In another email, Burke wrote, “By the way, what is so offensive about this whole project” of response “is that Grassley’s staff, acting as willing stooges for the Gun Lobby, have attempted to distract from the incredible success in dismantling” Southwest Border “gun trafficking operations” and “not uttering one word of rightful praise and thanks to ATF — but, instead, lobbing this reckless despicable accusation that ATF is complicit in the murder of a fellow federal law enforcement officer.”
An accusation that, as it turned out – and contra Mr. Burke’s strenuous denials – was true.
On Friday night, Grassley spokeswoman Beth Levine said that “Burke personally apologized to Sen.

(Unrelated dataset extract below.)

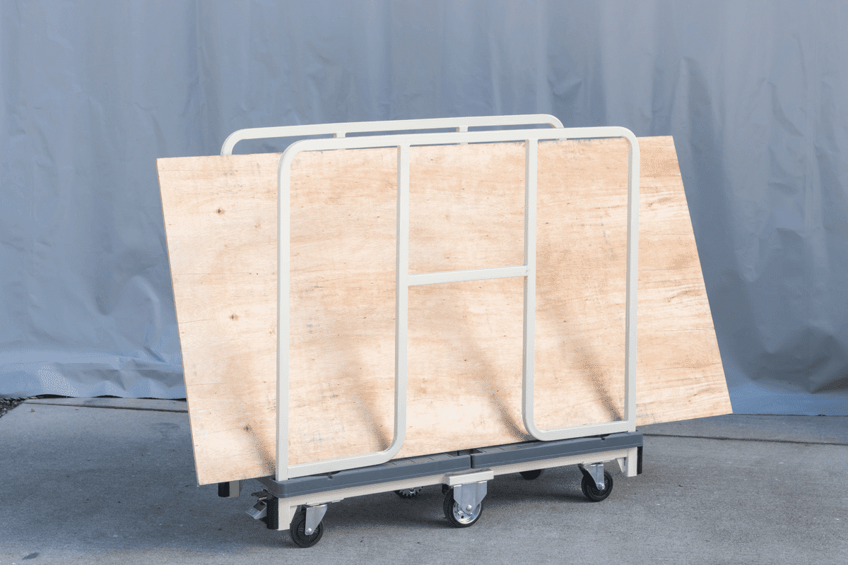 さらにベニヤ板やパネル、薄型の木材など、つい壁に立てかけたまま保管しがちな物には『長物用6輪台車』が最適です。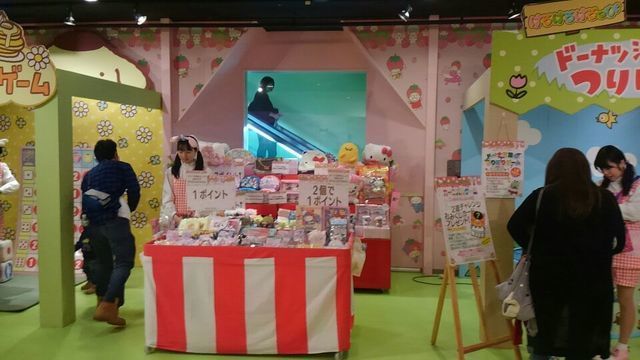 同じく1階の「サンリオタウン」では、ドーナツつりなど、小さな子どもでも楽しめるアーケードゲームもあります。

Grassley’s staff for the tone and the content of the emails” after learning from the Justice Department that the emails would be released.
Apologize now, or apologize later I suppose.
Perhaps its different in other parts of the federal bureaucracy, but in the Navy, at least, senior executives take congressional inquiries quite seriously. And you’d never make it to flag rank by committing your actual thoughts about congressmen or senators to an email.
Of course, flag officers are typically selected competitively based on such characteristics as intelligence, integrity and professional performance. US attorneys, being political appointees, may have other selection criteria.